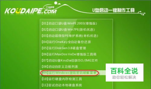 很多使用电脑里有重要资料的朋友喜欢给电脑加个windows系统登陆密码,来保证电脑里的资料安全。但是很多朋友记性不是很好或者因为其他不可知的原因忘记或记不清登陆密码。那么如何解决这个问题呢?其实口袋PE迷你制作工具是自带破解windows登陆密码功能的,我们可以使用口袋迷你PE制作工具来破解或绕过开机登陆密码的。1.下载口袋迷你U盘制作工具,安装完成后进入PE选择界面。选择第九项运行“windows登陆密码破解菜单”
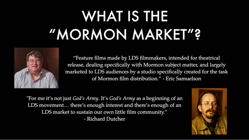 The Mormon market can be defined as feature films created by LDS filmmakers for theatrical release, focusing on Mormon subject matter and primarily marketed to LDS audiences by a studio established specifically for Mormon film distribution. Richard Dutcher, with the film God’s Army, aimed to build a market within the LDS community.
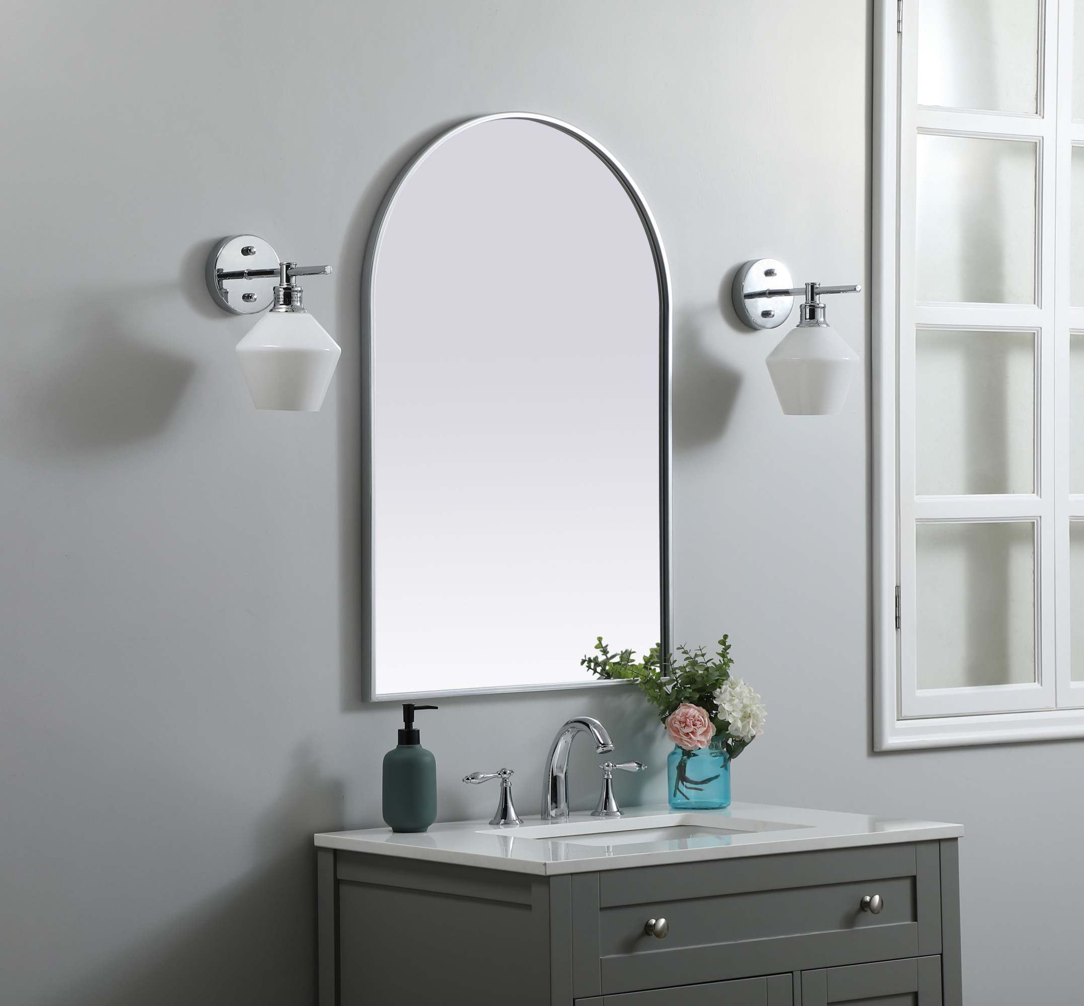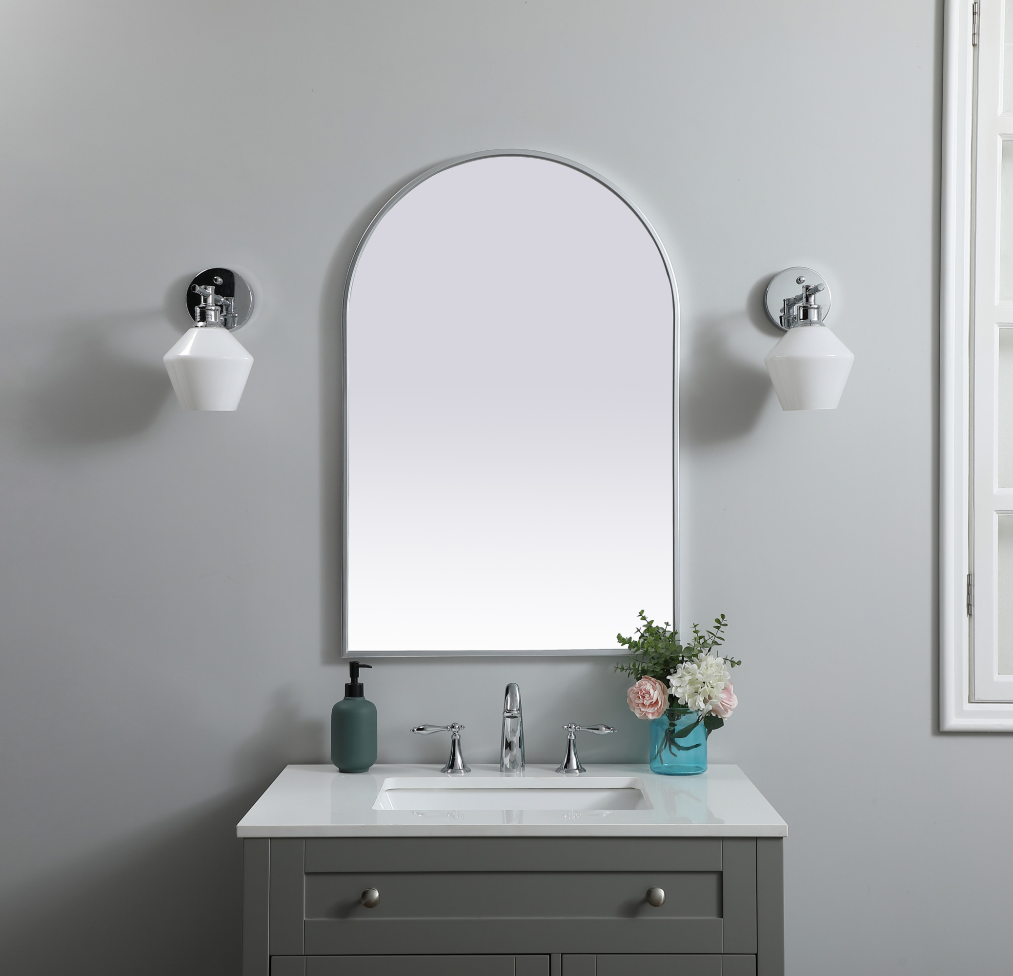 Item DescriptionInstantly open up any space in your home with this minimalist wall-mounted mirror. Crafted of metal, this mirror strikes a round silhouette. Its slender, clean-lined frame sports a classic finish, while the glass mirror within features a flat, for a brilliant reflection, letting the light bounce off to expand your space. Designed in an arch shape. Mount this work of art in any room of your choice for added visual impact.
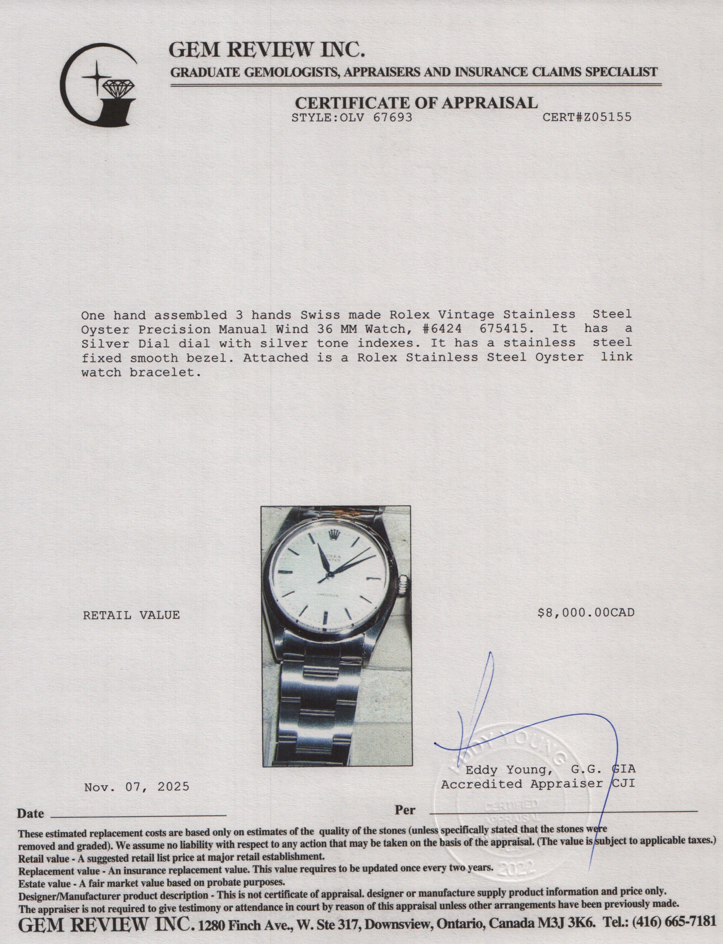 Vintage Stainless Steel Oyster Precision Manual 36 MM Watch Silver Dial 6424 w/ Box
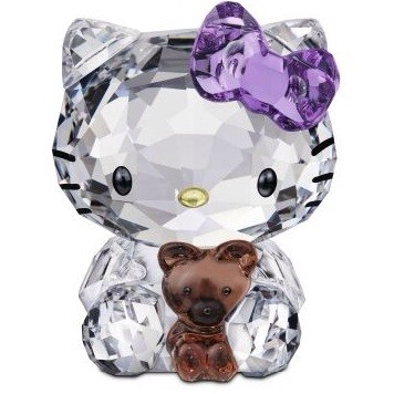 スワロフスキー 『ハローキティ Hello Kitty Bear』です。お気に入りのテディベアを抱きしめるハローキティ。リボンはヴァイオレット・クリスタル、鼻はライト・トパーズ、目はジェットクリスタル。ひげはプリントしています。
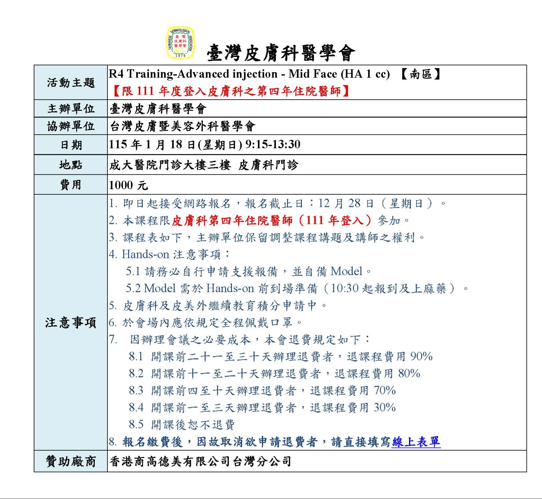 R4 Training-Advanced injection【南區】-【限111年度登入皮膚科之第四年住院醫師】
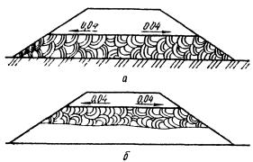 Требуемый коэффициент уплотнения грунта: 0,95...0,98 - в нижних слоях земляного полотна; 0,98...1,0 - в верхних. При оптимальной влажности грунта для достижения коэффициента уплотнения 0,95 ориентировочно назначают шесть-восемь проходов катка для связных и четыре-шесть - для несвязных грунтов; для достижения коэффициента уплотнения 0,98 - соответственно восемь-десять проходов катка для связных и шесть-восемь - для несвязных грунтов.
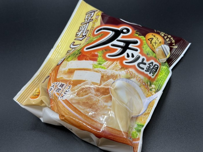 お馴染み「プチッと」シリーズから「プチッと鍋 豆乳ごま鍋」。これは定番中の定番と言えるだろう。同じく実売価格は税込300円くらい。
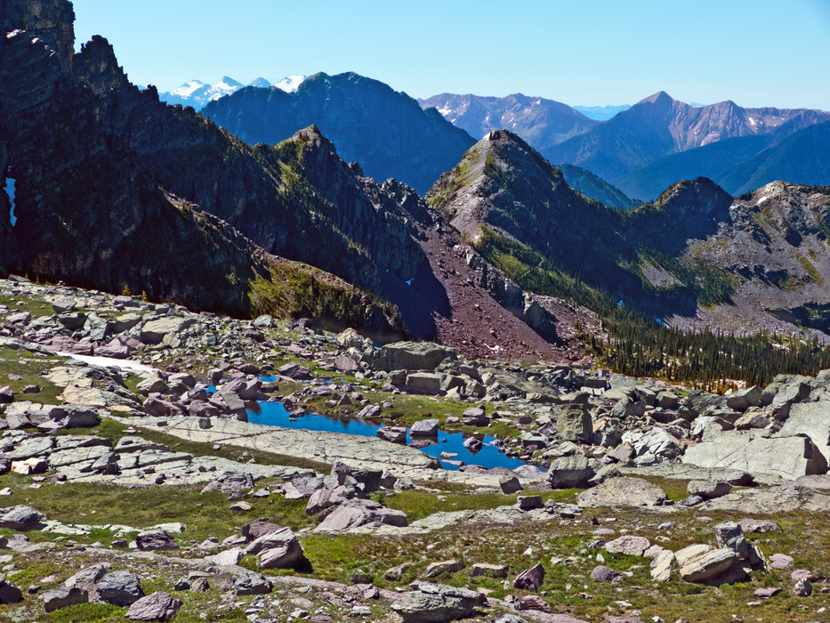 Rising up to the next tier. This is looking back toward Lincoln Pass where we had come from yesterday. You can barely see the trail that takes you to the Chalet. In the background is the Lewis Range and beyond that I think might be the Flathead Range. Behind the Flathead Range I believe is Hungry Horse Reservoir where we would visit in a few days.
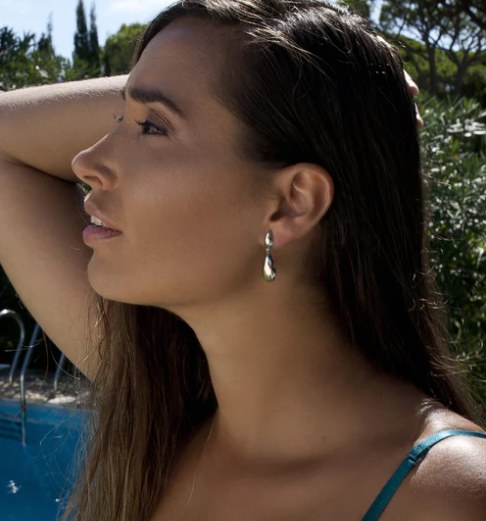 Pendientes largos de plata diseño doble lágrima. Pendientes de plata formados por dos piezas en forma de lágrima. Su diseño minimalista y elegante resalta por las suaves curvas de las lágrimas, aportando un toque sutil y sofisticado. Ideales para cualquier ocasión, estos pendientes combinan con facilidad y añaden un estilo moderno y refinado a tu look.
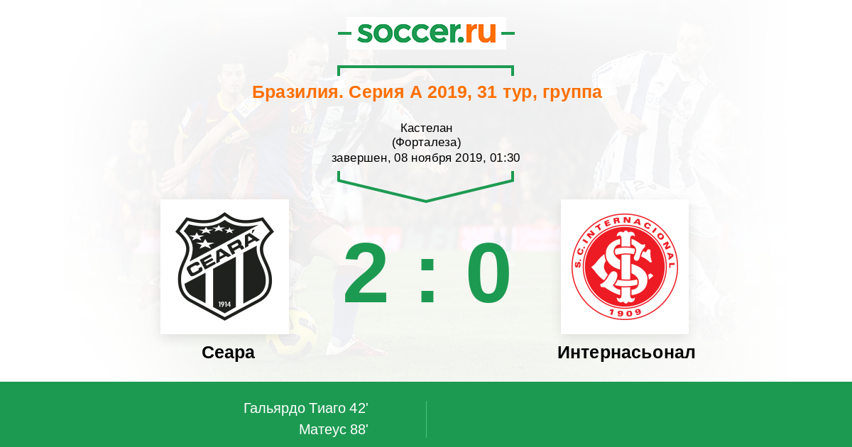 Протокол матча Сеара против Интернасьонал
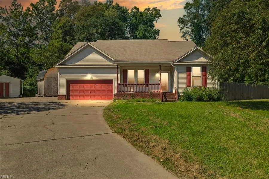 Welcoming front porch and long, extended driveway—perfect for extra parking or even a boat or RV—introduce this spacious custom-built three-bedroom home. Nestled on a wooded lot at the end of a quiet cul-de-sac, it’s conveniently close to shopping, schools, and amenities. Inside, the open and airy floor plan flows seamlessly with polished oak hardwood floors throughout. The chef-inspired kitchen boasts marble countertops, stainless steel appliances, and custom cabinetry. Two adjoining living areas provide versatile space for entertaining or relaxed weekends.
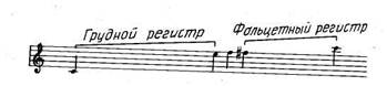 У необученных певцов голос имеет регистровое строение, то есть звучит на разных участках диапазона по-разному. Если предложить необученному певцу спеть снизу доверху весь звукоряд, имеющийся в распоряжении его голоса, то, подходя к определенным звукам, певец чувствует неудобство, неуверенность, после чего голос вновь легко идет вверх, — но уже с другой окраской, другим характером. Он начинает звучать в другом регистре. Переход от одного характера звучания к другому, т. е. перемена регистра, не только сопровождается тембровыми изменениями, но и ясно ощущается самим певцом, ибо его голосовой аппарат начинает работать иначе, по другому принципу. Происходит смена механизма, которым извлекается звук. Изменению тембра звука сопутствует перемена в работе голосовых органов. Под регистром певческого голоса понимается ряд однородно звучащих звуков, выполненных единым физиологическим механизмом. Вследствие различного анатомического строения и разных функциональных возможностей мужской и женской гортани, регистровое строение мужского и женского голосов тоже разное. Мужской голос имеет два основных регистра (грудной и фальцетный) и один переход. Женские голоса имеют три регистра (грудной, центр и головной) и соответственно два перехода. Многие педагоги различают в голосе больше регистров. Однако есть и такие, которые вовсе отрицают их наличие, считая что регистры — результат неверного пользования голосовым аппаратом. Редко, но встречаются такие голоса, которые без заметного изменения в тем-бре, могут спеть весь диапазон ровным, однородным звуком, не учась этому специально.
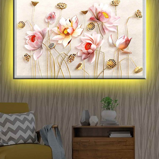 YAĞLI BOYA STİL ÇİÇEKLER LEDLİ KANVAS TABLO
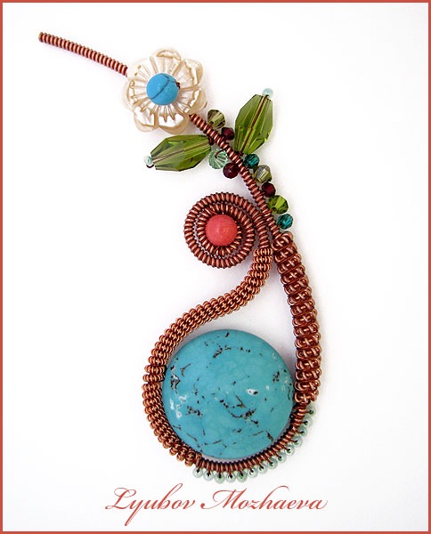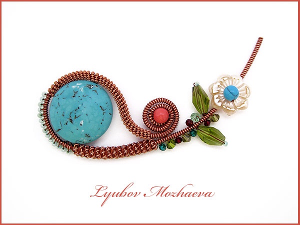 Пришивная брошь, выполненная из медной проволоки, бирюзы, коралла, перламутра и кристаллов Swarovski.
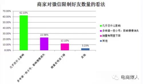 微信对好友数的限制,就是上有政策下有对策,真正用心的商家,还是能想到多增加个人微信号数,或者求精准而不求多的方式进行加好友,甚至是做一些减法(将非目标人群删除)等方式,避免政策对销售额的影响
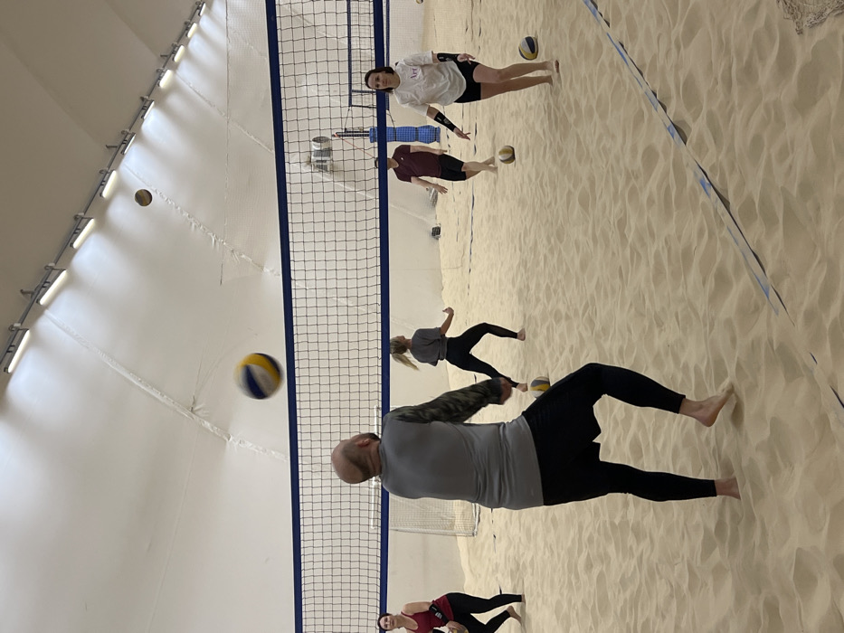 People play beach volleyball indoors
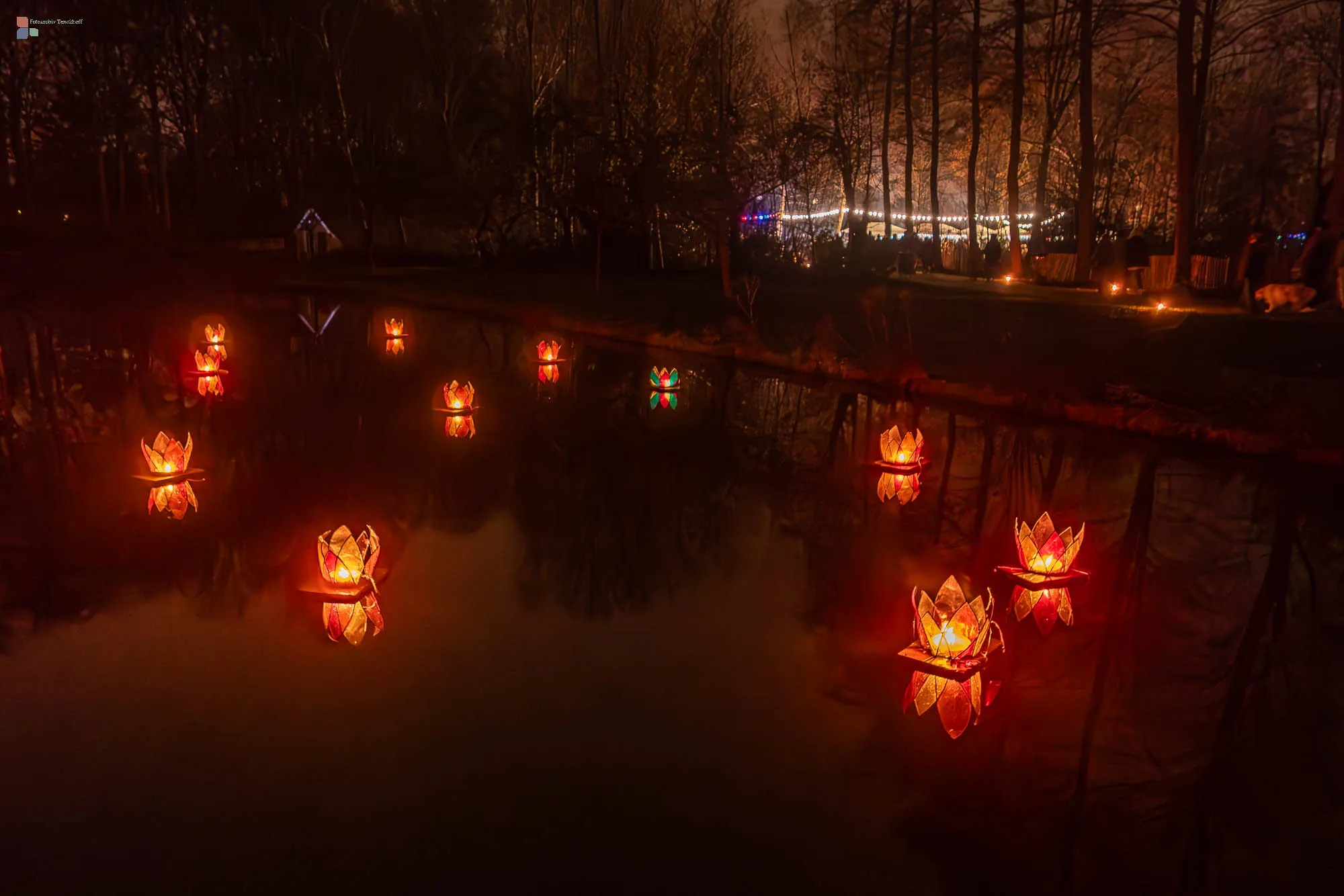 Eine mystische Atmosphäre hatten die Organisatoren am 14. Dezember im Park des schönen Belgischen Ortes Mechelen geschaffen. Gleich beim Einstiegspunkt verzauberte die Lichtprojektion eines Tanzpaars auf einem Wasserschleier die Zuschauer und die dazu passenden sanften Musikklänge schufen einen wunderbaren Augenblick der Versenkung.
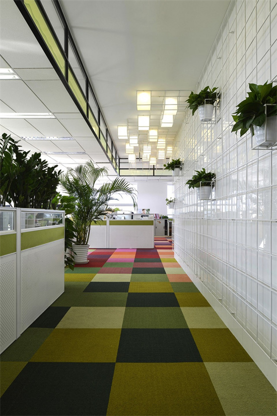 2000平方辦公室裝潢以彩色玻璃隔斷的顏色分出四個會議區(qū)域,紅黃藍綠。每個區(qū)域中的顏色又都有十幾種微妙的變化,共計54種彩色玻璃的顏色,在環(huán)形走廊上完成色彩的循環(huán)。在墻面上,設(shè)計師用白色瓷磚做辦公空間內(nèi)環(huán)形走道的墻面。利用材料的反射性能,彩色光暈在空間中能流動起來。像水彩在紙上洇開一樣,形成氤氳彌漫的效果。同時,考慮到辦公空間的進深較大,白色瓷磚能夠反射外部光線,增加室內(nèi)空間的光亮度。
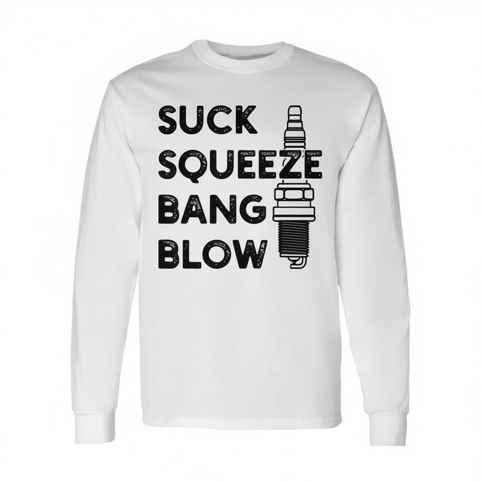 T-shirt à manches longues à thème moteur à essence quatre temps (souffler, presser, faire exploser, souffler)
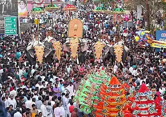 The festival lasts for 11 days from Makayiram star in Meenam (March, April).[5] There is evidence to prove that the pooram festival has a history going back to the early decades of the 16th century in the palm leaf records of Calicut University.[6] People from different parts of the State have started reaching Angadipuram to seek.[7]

======

> PROMPT: Everything from the line with "Pendientes largos de" down to the line with "Welcoming front porch" in the data above should be copied exactly, with both end lines kept and the pictures left out.

> ANSWER SPACE:
 Pendientes largos de plata diseño doble lágrima. Pendientes de plata formados por dos piezas en forma de lágrima. Su diseño minimalista y elegante resalta por las suaves curvas de las lágrimas, aportando un toque sutil y sofisticado. Ideales para cualquier ocasión, estos pendientes combinan con facilidad y añaden un estilo moderno y refinado a tu look.
 Протокол матча Сеара против Интернасьонал
 Welcoming front porch and long, extended driveway—perfect for extra parking or even a boat or RV—introduce this spacious custom-built three-bedroom home. Nestled on a wooded lot at the end of a quiet cul-de-sac, it’s conveniently close to shopping, schools, and amenities. Inside, the open and airy floor plan flows seamlessly with polished oak hardwood floors throughout. The chef-inspired kitchen boasts marble countertops, stainless steel appliances, and custom cabinetry. Two adjoining living areas provide versatile space for entertaining or relaxed weekends.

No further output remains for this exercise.